Go and read his whole point but let me say that a Judge named Antonin Gregory Scalia saw this coming a mile away as did an awful lot of us. When I made the argument saying that you can’t logically ban polygamy while allowing gay marriage in a discussion on Center of Mass podcast this year my host insisted that it was totally different.

I’ve talked about the ick factor in the past. And let me quote myself one more time:

This is a republic. If the people who support gay marriage can move enough of the public in the individual states or on a national level to support it in an actual vote then the more power to them. That is how a republic works. With the media’s help they are well on their way to doing so, but let the people vote for it and if you win, you win. If your argument holds water it should be capable of doing so and you should be able to make that argument stick.

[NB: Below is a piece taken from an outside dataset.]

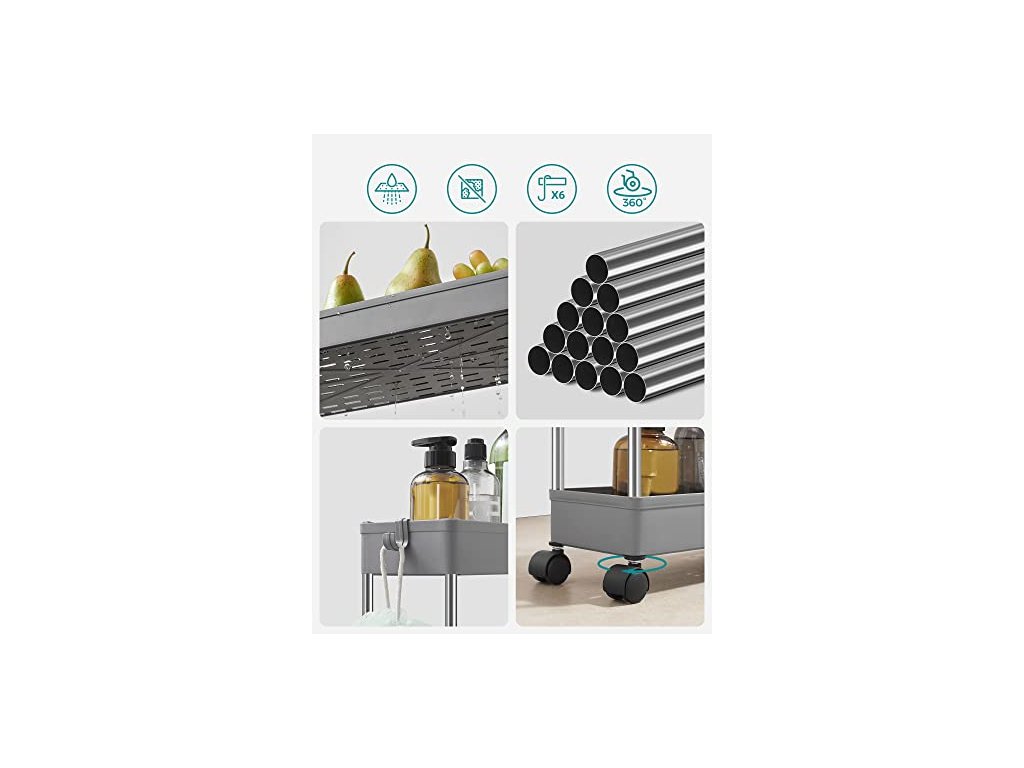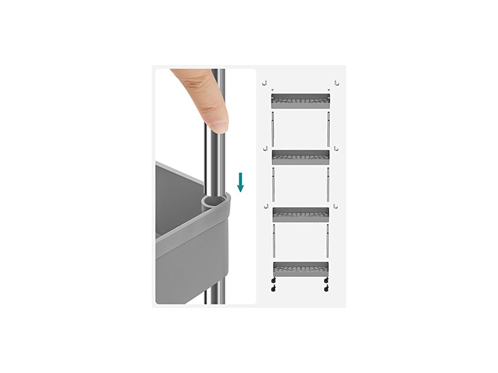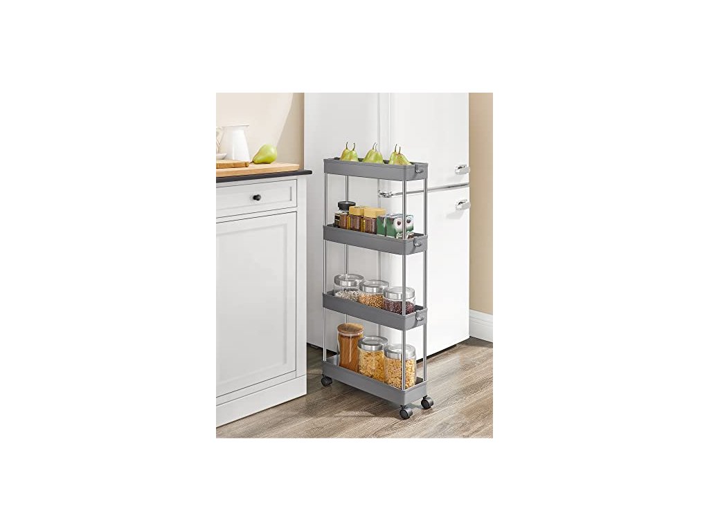 Už nebudete muset při vaření tisíckrát otevírat a zavírat dvířka. Díky 4 univerzálním kolečkům s kovovými tyčemi, které se hladce posouvají, můžete skladovací vozík přemístit kamkoli potřebujete.

Take out the word gay marriage and enter anything you want instead and the argument holds. The fact that a respected lawyer is actually making the case tells me this is already coming down the pike. And let me leave you with some John Nolte in terms of changing the culture with the help of the media:

And this is how cinematic propaganda works. Whether the filmmaker’s motivations are good or evil, the idea is to get decent and thoughtful people to start second guessing themselves as they’re enveloped in the dark and held captive by the powerful sound and fury of the moving picture. First we’re led to identify and sympathize with a particular character, then that character does something designed to challenge our belief structure

None of this is a bug. It’s a feature.